If you have a website, you probably struggled through its birthing process from concept to reality. You can take comfort that you aren't alone. Your pain is felt by many, myself included, agonizing over such questions as: What design should I use? Should I use a template or should I go with code (.html, that is) and carve out my own layout? After all, there's something to be said about being the master of my own destiny even if it is with baling wire and bubble gum. Then again, maybe I should just hire it all out. How much could it cost anyway for the basics about who I am and what I'm peddling? And what's all this fuss I hear about content anyway?
These are just a few of the questions facing those pursuing an identity on the worldwide web. Consider for a moment what drove your website decisions about both the design and content? Did you hire a website designer to help chart your course in cyber space? Whether "designed" or home grown, to what extent was the cost a factor in your website decisions? Either way, are you satisfied with the outcome? And if you had it to do over again, would you follow the same path? What would you do differently? I'll start out. Feel free to chime in about your own experience.
Relatively soon after I got into the writing game (meaning at the point when my mom told everyone from her beautician to the pharmacist that I was writing poetry), I began to feel the push toward having a website. Actually, it was more like standing on the edge of Niagra Falls with a cheering crowd behind me yelling, "you don't need no stinking barrel!" Way back in those days (meaning about four years ago), I knew nothing about websites or how to design them; or, truthfully, what to put on them.
I began with a very basic (we're talking two tin cans and a string here) "website" offered by AOL using their "AOL hometown" template. My content was minimal--mostly a little background information about me (the poet, remember?) plus what I was working on currently and a list of two poems I had published so far. The AOL template offered four or five colors, a few "header" themes and about three text boxes to key free-form text into.
Needless to say, it was a modest website. But when I finished, I thought I had indeed arrived in the cyber world. The only problem, no one knew I was there which, in retrospect, was probably a good thing. But at least if someone asked me, I could beam with pride (OK and maybe a little smugness) and give them my URL. Hey, I was nothing if not pure coolness. I mean, I could totally imagine myself in a TV ad: "Got URL?" "Well, duh! Yeah, I got URL!"
Oh, and did I mention my URL was 43 characters long and included most of the letters in the English alphabet, three carefully placed Chinese characters, half the symbols across the top of the keyboard and six forward (not backward) slashes. Come to think of it, the URL actually looked a lot like the inside of those cartoon bubbles when the speaker is really, really mad.

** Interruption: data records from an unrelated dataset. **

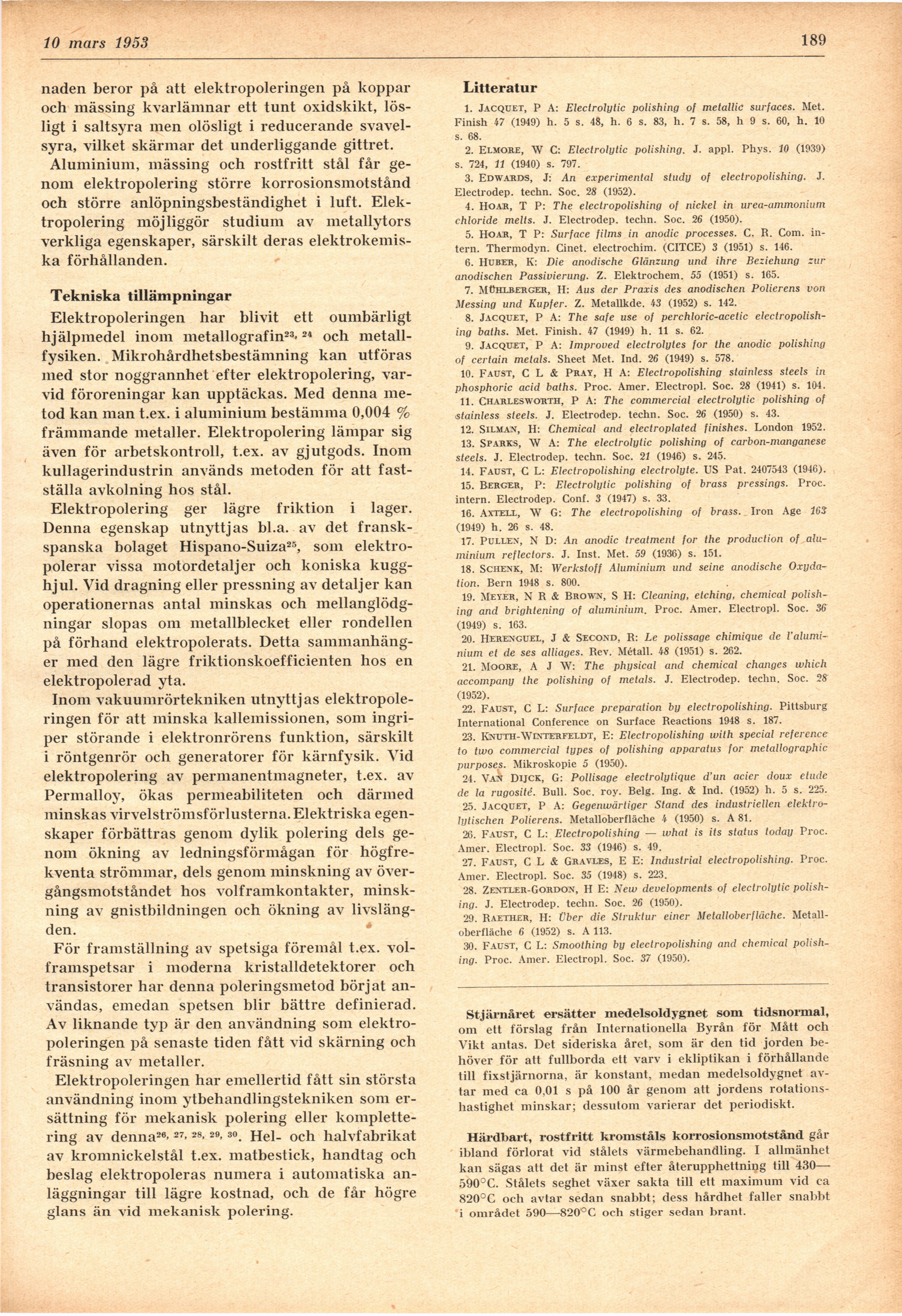 Full resolution (JPEG) - On this page / på denna sida - H. 10. 10 mars 1953 - Elektrolytisk och kemisk polering av metaller, av Uno Trägårdh - Stjärnåret ersätter medelsoldygnet - Härdbart, rostfritt kromståls korrosionsmotstånd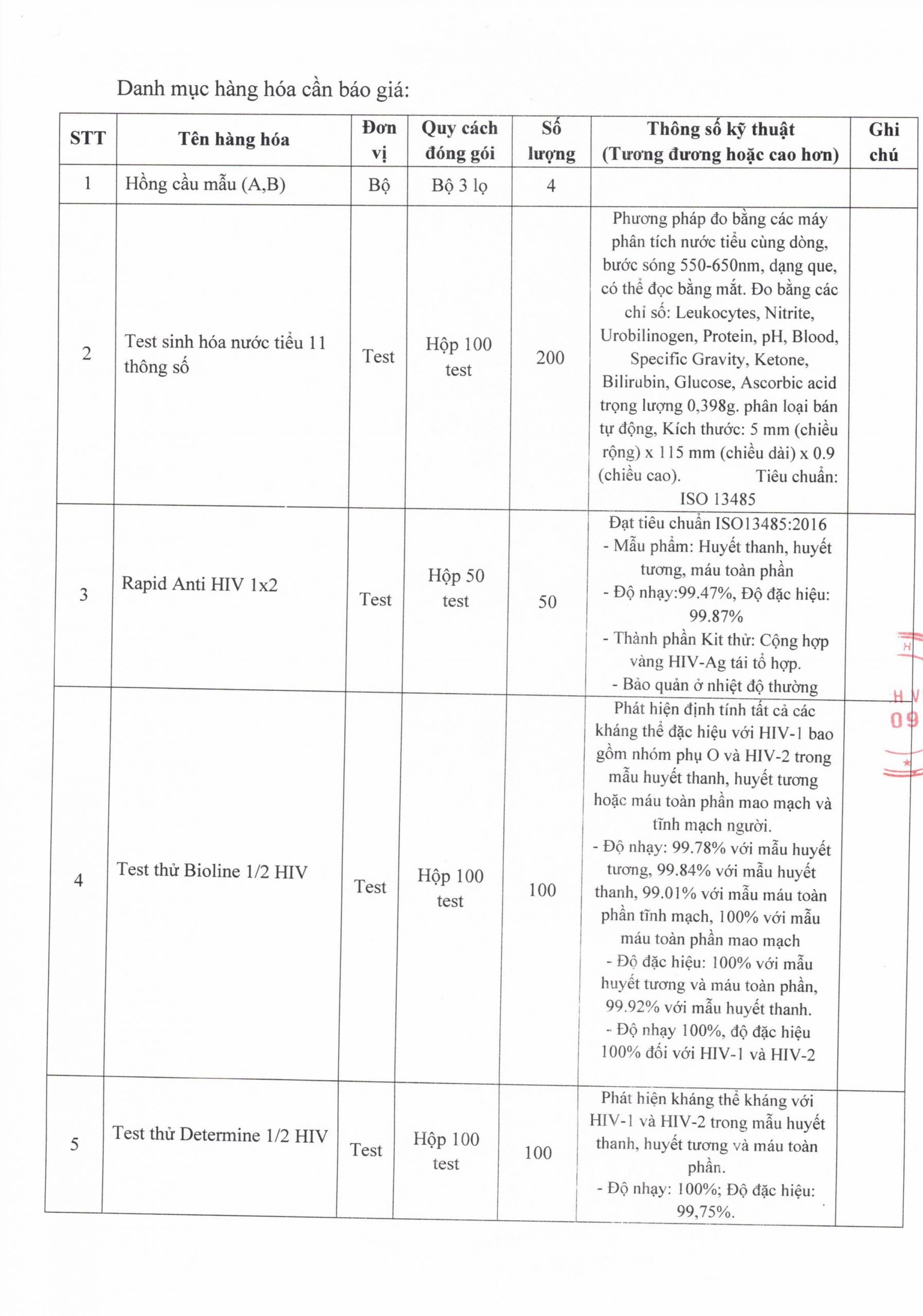 Thư mời tham gia báo giá hoá chất, vật tư y tế tiêu hao.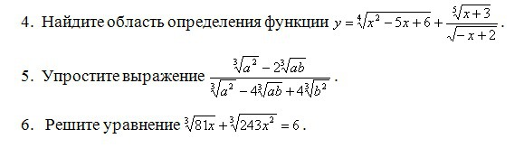 ![y= sqrt[4]{x^2-5x+6}+ frac{ sqrt[5]{x+3} }{ sqrt{-x+2} } y= sqrt[4]{x^2-5x+6}+ frac{ sqrt[5]{x+3} }{ sqrt{-x+2} }](https://tex.z-dn.net/?f=y%3D+sqrt%5B4%5D%7Bx%5E2-5x%2B6%7D%2B+frac%7B+sqrt%5B5%5D%7Bx%2B3%7D+%7D%7B+sqrt%7B-x%2B2%7D+%7D++)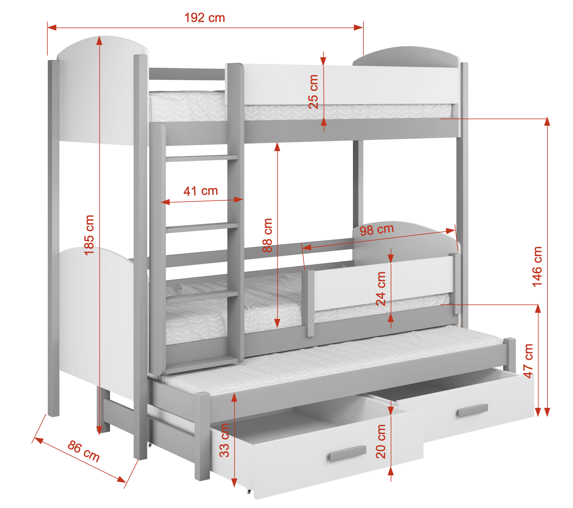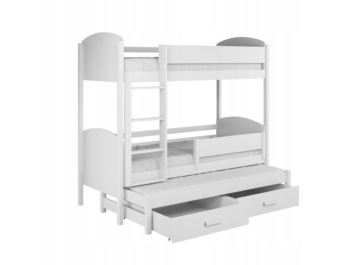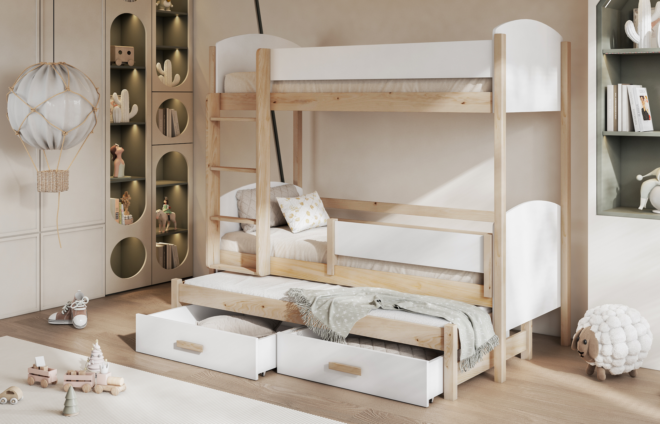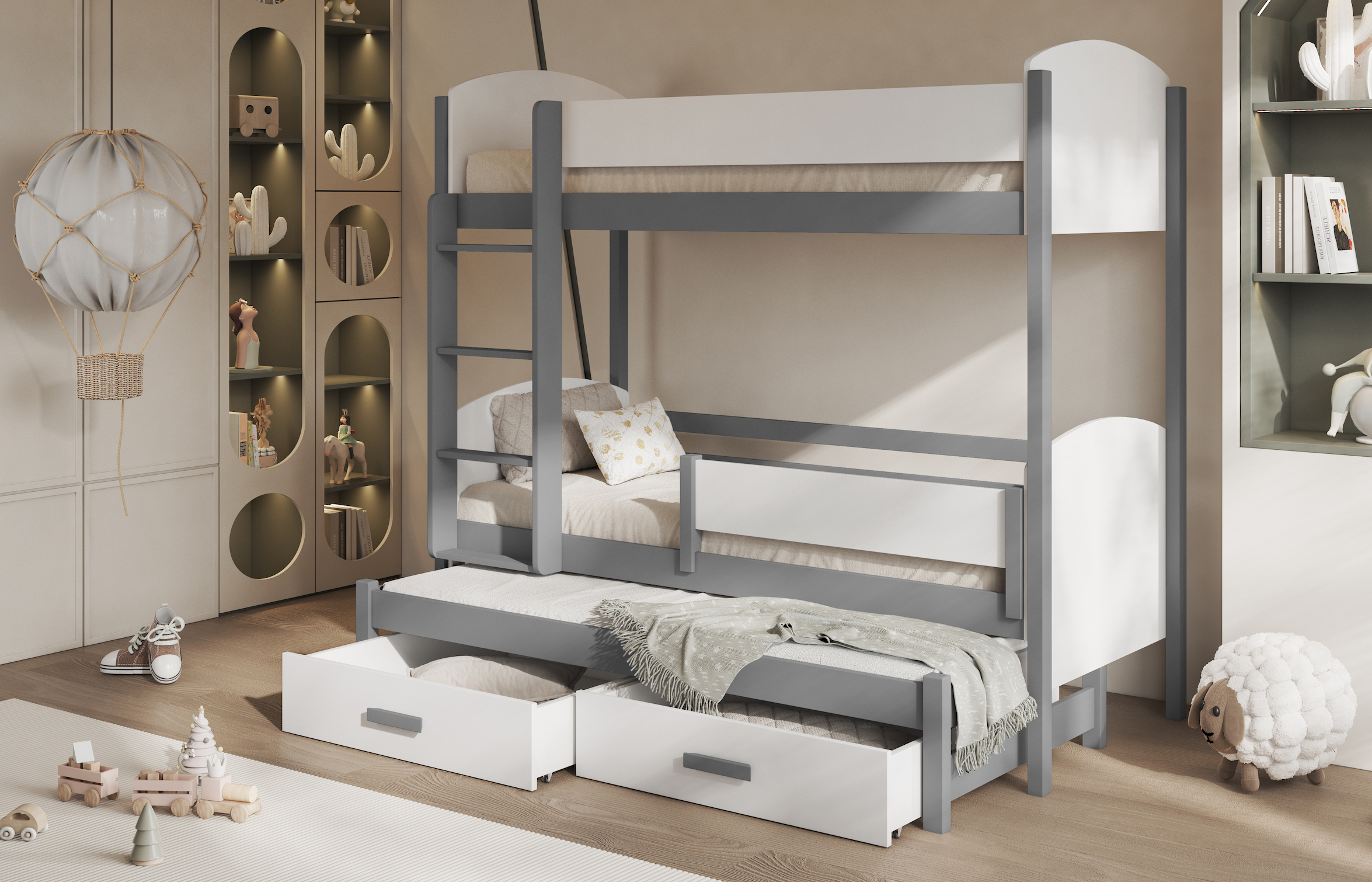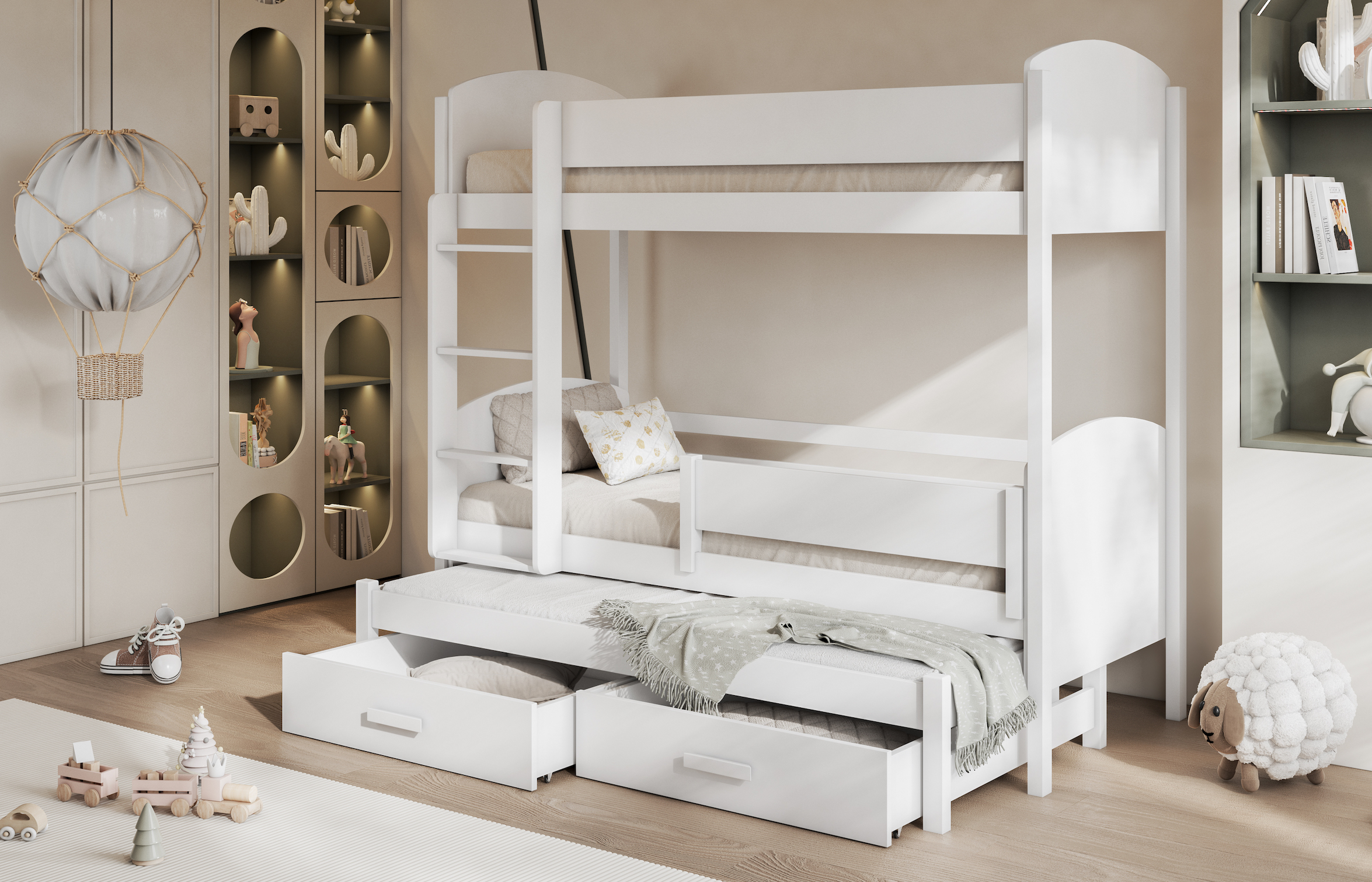 Η κουκέτα LOGAN για τρία παιδιά αποτελεί μία έξυπνη και πρακτική λύση για οικογένειες που θέλουν να φιλοξενήσουν περισσότερα παιδιά στο ίδιο δωμάτιο, καθώς διαθέτει τρίτο συρόμενο κρεβάτι και δύο ευρύχωρα συρτάρια. Παράλληλα, βοηθά στην καλύτερη οργάνωση του χώρου, ώστε το παιδικό δωμάτιο να παραμένει λειτουργικό και τακτοποιημένο.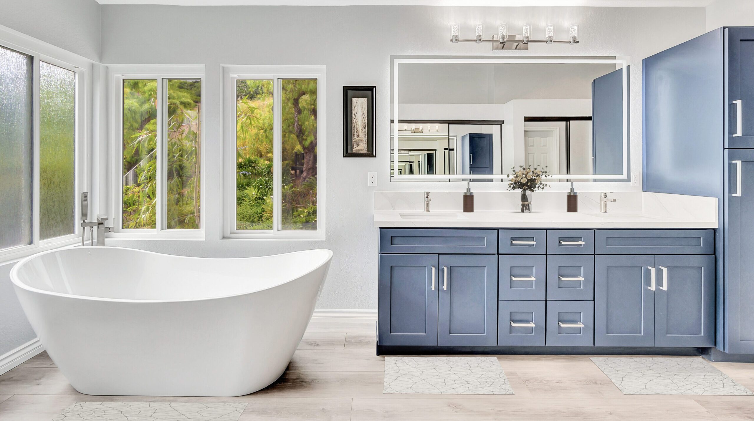 This Laguna Hills master bath remodel with freestanding tub showcases the growing trend in Orange County: combining a sleek freestanding soaking tub with a spacious double vanity. The blue shaker-style cabinetry and floor-to-ceiling windows create an open, light-filled space while the drawer-based storage and quality finishes deliver both function and luxury.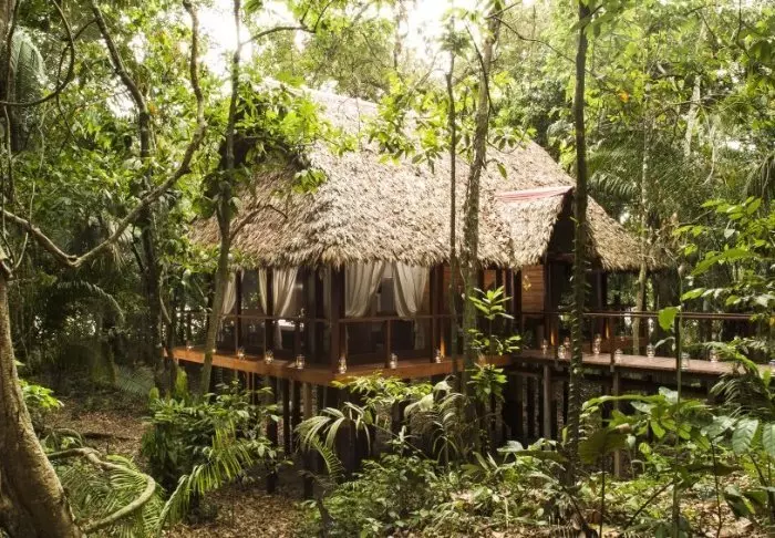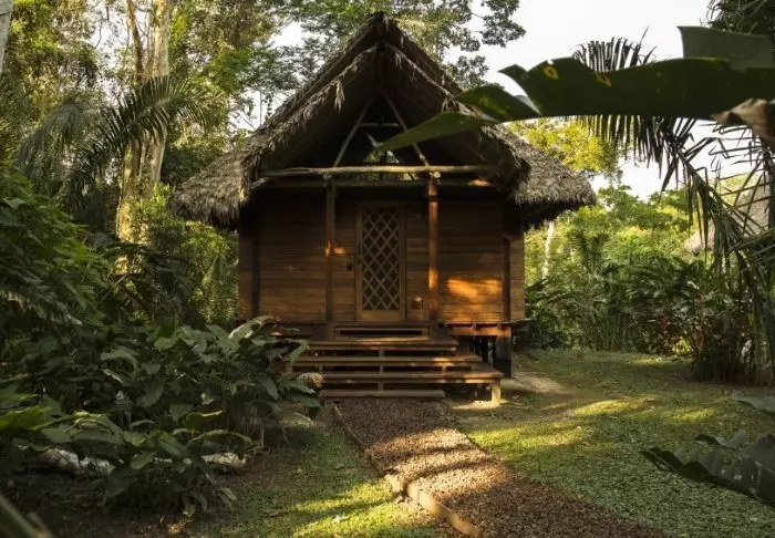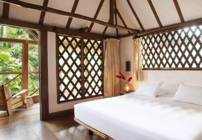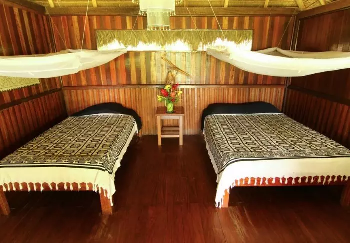 Her er det bare 25 vakkert innredede bungalower – alle bygget i tre og på pæler – så de ikke blir oversvømmet når det kommer kraftige tropiske regnskyll. Hyttene har komfortable senger med myggnett, takvifte og eget bad med varmt vann, badekåpe og toalettartikler.

And I'm sure it was for security reasons that whatever was keyed into the URL line could not be copied and pasted in the event of a keying error. That is, it had to be totally rekeyed from the beginning. Needless to say, I didn't have a lot of visitors to my website.
Yet, imagine my panic when about two years later, AOL announced via message that they would be eliminating their "website" feature in 30 days. Assuming ALL CAPS meant they were serious, I immediately followed their suggestion to save off my content, which I dutifully did in a Word file (with a hardcopy backup of course). Then, I sat site-less for nearly a month until I mentioned my dilemma to a cyber-savvy friend.
With great patience and forebearing (both biblical concepts), he showed me the basics of website design using .html code. I must say, after mastering my AOL URL, I actually found .html fairly easy. He also talked me through the drafting, editing, saving and uploading steps required to take my "design" from an idea sketched out on my local computer to an actual website on the worldwide web. And the rest, as they say, is history.
My website is still pretty basic but it is evolving, much as roads and highways evolved from horse trails and wagon paths. I figure I'm basically at the two-lane, gravel road stage, including the occasional one-lane bridge. I've heard there is something called "css" (cascading style sheets) out there. But I'm still a long way from taking my site from two-lanes to Interstate.